Before you scale to multiple agents, instrument everything. You need to know which agent fired which tool call, how long each step took, where the token budget went, and what failed and why.

Mission Control's activity feed gives you a per-task timeline with agent attribution. Without this, debugging a ten-agent system is guesswork.

Heartbeats Are Non-Negotiable

Agents silently stop. It happens more than you would expect: network partitions, process crashes, memory exhaustion. If you do not have a heartbeat mechanism you will not know until a user complains.

The OpenClaw gateway sends a heartbeat every 60 seconds. Mission Control monitors it and alerts via Telegram if it goes stale. This has caught silent failures before they became incidents.

Token Budgets Prevent Runaway Costs

Without a monthly token ceiling, a single poorly-prompted agent in a loop can exhaust your budget in hours. Set per-tenant limits, alert at 80 percent, hard-stop at 100 percent. Mission Control ships this as a configurable setting in tenant settings.

Separate Orchestration from Execution

The agent that plans should not also be the agent that writes code. Separation of concerns makes each agent simpler, cheaper to run, and easier to replace or upgrade independently.

We model this with role assignments: architect, planner, code agent, reviewer. Each has its own model setting and prompt scope. The architect never touches a file. The code agent never writes a spec.

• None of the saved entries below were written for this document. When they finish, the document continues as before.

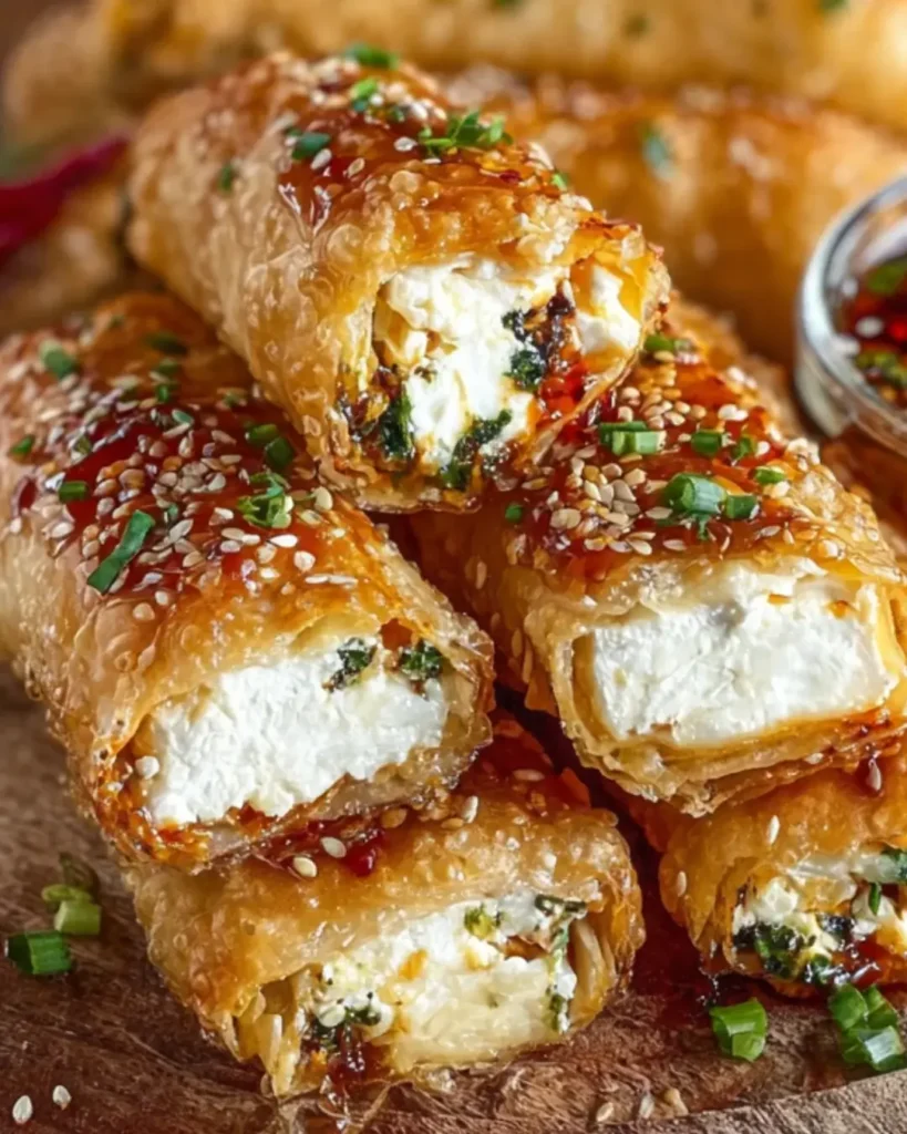 These Mediterranean-inspired appetizers transform flaky phyllo dough into crispy, golden rolls by layering buttered sheets, filling them with a savory mixture of tangy feta cheese, fresh spinach, and aromatic herbs, then baking until shatteringly crisp before drizzling with sweet-spicy chili honey that creates irresistible flavor contrast. The oven-baking method achieves the crispy texture of deep-frying without the mess or excess oil, while the hot honey trend—sweet honey infused with red chili flakes—adds sophisticated sweet-heat that makes these impossible to stop eating.
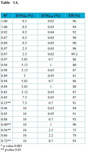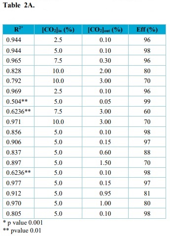The efficiency of CO2 removal was calculated as follows: 100*(CO2)input.- (CO2)output/(CO2)input , where CO2input is the initial and (CO2)output the stream gas off the bioreactor4.
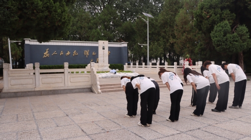 实践队员于焦裕禄烈士墓鞠躬致敬 张子莫摄
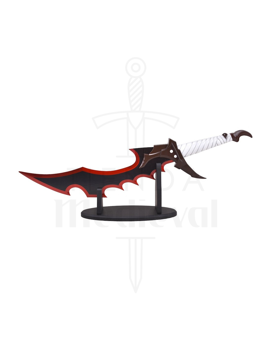 Mere end blot udseende, kommer bladet uden skarphed, så du kan udstille det med ro i sindet, placere det i en vitrineskab eller bruge det som tilbehør i fotoshoot uden risiko. Håndtaget, indpakket i en hvid snoet snor, giver visuel kontrast og en behagelig følelse, mens beskyttelsen og pommelen i mørkebrune nuancer tilføjer varme og en håndværkslig tilstedeværelse.
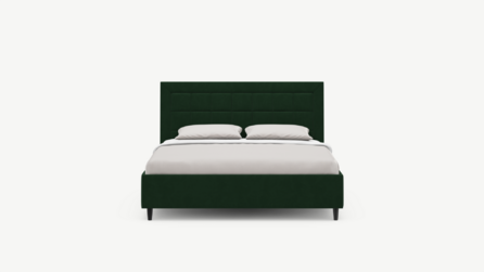 Стежка помещена в центр изголовья и обрамлена, словно картина. Объемные царги завершают цельную фигуру кровати и становятся гармоничным дополнением ее образа.
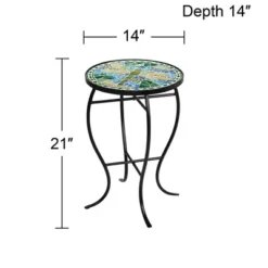 This round outdoor accent table features an inlaid tile top featuring a colorful dragonfly mosaic. The frame and curvaceous legs are constructed of black finish iron that will withstand the elements. From the Teal Island Designs brand, this table is a great way to add fresh style and function to a porch or deck.
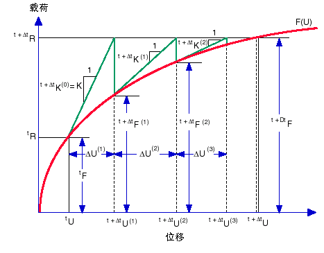 由于内部节点力 t+Δt{F} 取决于 t+Δt 时刻的节点位移 t+Δt{U},因此必须使用迭代方法。下列方程式代表以某个时间阶梯 t+Δt 求解平衡方程式的迭代方案基本思路:
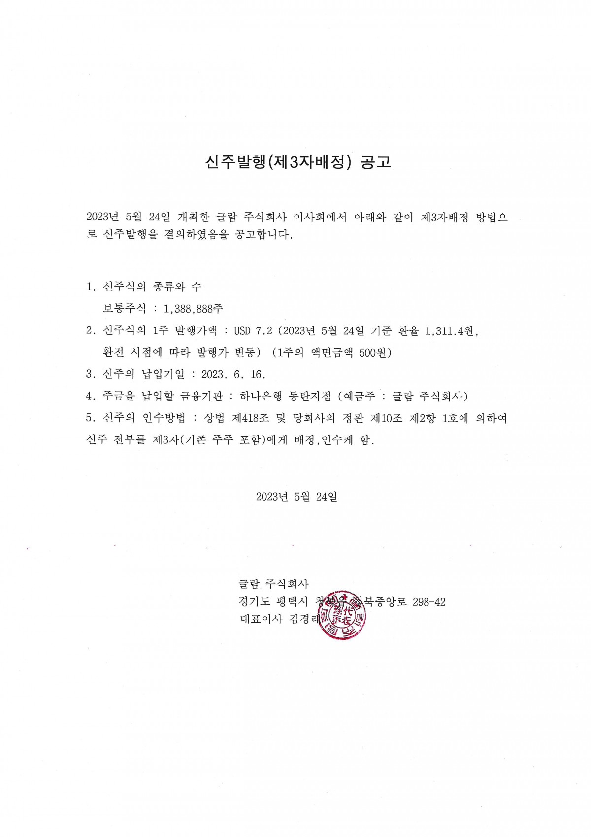 신주발행 ( 3자배정 ) 공고 2023-05-24
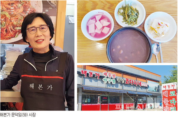 한편 해본가에는 해물요리 음식점에서 찾아보기 어려운 독특한 메뉴가 하나 있다. 바로 팥죽이다. 문덕임 사장 개인적으로 팥죽을 좋아해서 집에서 해 먹듯 쑤어 메뉴에 올렸는데 반응이 좋아 이제는 팥죽을 먹으러 오는 단골들이 많다고 한다. 코다리나 해물요리 맛이 기본적으로 맵고 칼칼해 팥죽을 주문해 같이 먹는 사람들도 많다고 한다. 특히 이곳 팥죽은 찹쌀 새알심을 제외하고는 완전히 팥만을 갈아 사용한다. 찹쌀가루를 사용하지 않기 때문에 텁텁하지 않고 깔끔한 맛을 자랑한다.
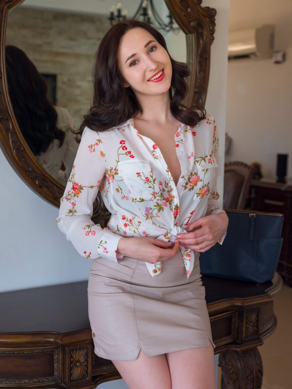 Вернувшись домой после работы и с удовольствием снимая с себя откровенную офисную одежду, развратная дамочка устроила стриптиз перед камерой и принялась энергично хвастаться своими возбуждающими прелестями. Совершенно ничего от нас не скрывая, длинноногая телка с удовольствием раскрывает свою рогатку и предлагает поскорей войти в ее бритую розовую пиздёнку.
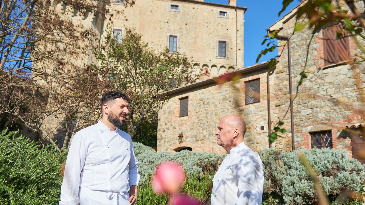Classe ’87, originario di Nola (Napoli) cresce sotto la guida del tristellato chef tedesco (insieme da La Pergola ad Attimi by Heinz Beck sia a Roma che a Milano, infine al Cafè Le Paillotes). Ad occuparsi dei 20 coperti del Castello di Fighine, la Restaurant Manager e Sommelier Marta Baldelli, sua compagna di vita.
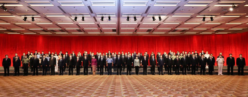 Chinese President Xi Jinping, also general secretary of the Communist Party of China Central Committee and chairman of the Central Military Commission, meets with central government officials based in Hong Kong and senior executives of Hong Kong branches of mainland enterprises and institutions, in Hong Kong, south China, June 30, 2022. (Xinhua/Ju Peng)
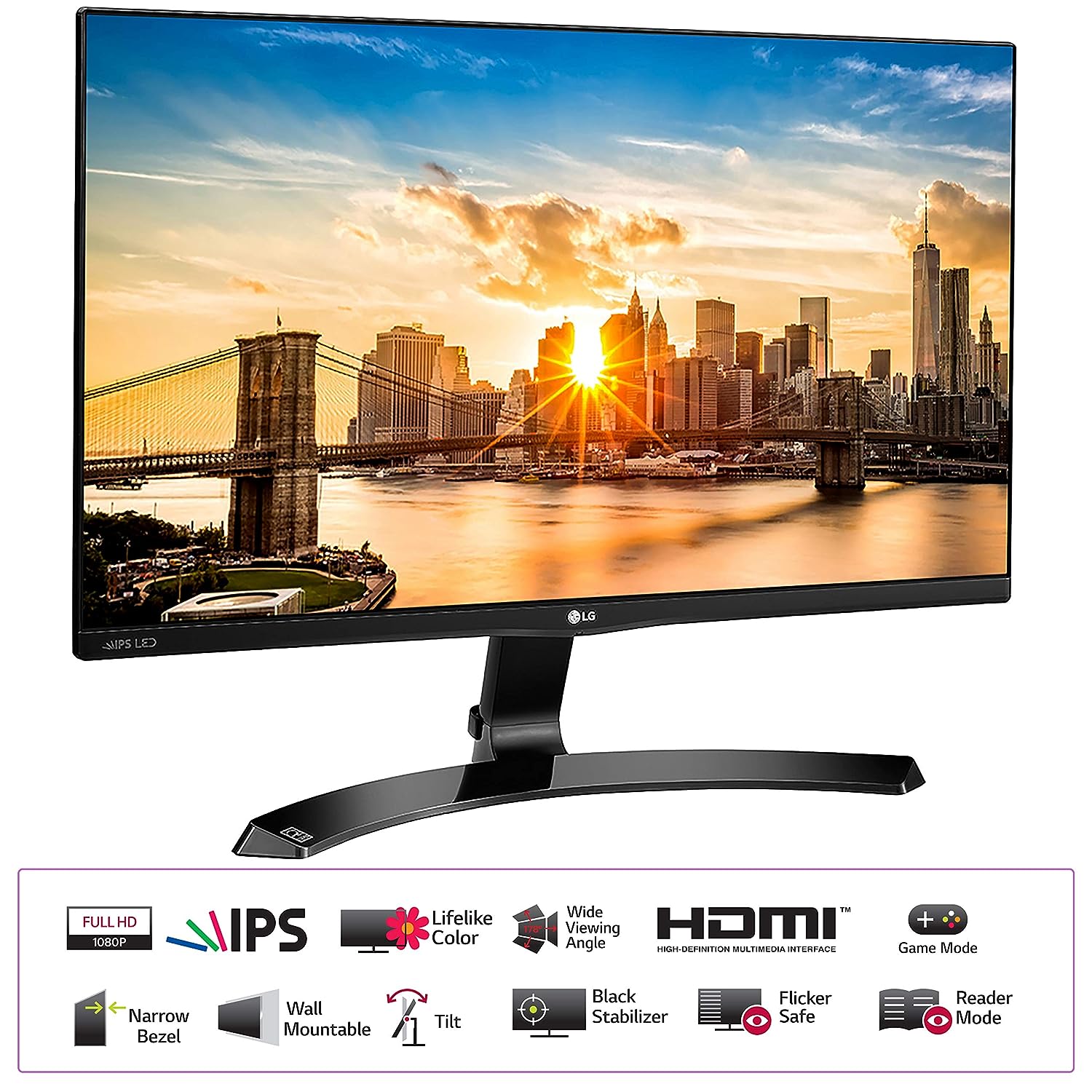LG 22 inch (55cm) IPS Monitor – Full HD, IPS Panel with VGA, HDMI, DVI, Audio Out Ports – 22MP68VQ, Black
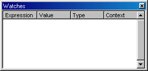 Рис. 10.9. Окно Watches для контроля за значениями выражений Список проверяемых выражений пополняется в диалоговом окне Add Watch (рис. 10.10), открываемом командой Add Watch (Добавить наблюдение) контекстного меню редактора кода или одноименной кнопкой на панели инструментов Debug (Отладка). Для добавления выражения в список контролируемых необходимо ввести его в текстовое поле Expression (Выражение) этого окна.
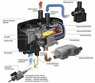 Am Beispiel einer Airtronic von Eberspächer erkennt man die Funktionsweise (Bild links): Eine Dosierpumpe spritzt Kraftstoff in eine Brennkammer, in der dieser kontrolliert verbrennt. Ein Luftgebläse saugt kalte Luft an, diese erwärmt sich an den heißen Außenwänden der Brennkammer und strömt als Warmluft in den Innenraum des Wohnmobils.

Treat Failures as First-Class Events

In a multi-agent system, partial failures are normal. An agent times out, a tool call returns bad data, a dependency is not ready yet. The question is not whether failures happen but whether your system handles them gracefully and surfaces them clearly.

Mission Control logs every failure to the activity feed with full context. When something goes wrong you know immediately what happened, which agent was involved, and what the state was at the time.


Running agents in production is an ops discipline. Treat it like one.